Will Wright and James Lumb were brought in after directors concluded there was no solvent outcome available, despite having earlier explored a sale. The administrators will now seek buyers for the companies’ business and assets, including residual stock, in a process that will determine whether any part of Zentia survives beyond the administration.
That possibility sits uneasily beside what happened before the crash. The directors secured a £6.5m cash injection from the shareholder last year, yet the financial pressure still proved too much as high energy prices lifted production costs and sales came in below forecast. Zentia, formerly Armstrong Ceiling Solutions after being renamed following acquisition by a German asset manager, had already been under strain in a construction supply chain that administrators described as difficult.

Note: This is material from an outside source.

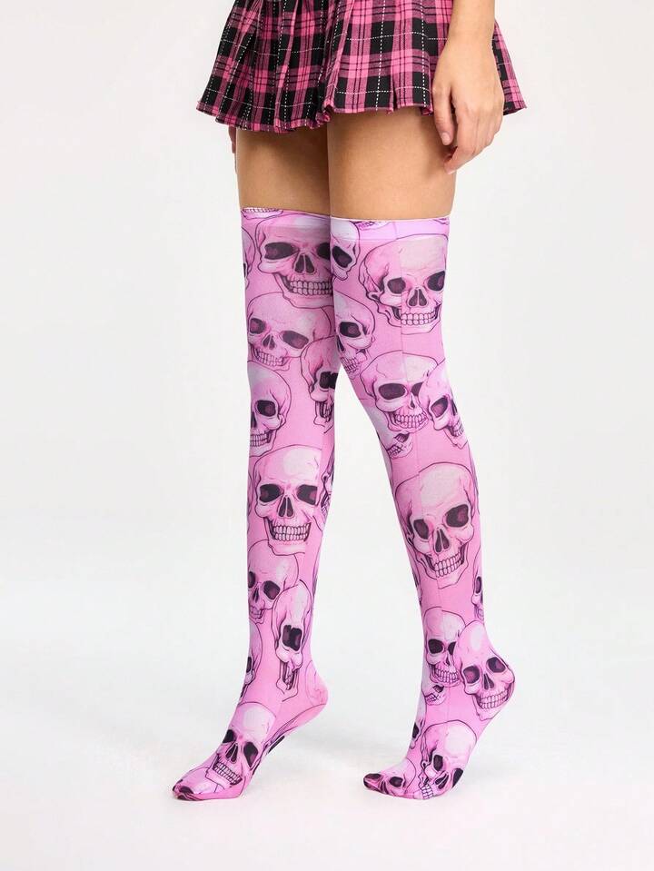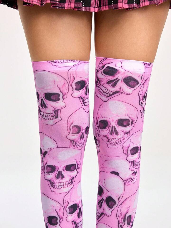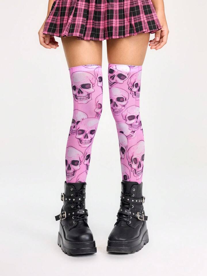 Grunge Punk Asymmetrical Skull Print Long Over-The-Knee Socks, Sweet Gothic Lolita Versatile Fashion Party Stockings, Halloween

For Lumb, the scale of the loss cuts deeper than a balance-sheet event. He said Zentia has a rich history in the North East stretching back more than 100 years and called the collapse a tremendous shame, while adding that thoughts were with the dedicated staff hit by redundancy. He also urged interested parties to contact the administrators quickly if they want to examine the business and its remaining stock.
The company had won the Made in Britain Award at the North East Business Awards in 2023, and five years ago it was talking about creating jobs by bringing manufacturing in-house with a £12m finance facility. Now the immediate question is whether that history becomes part of a rescue sale or a closing chapter written out through administration.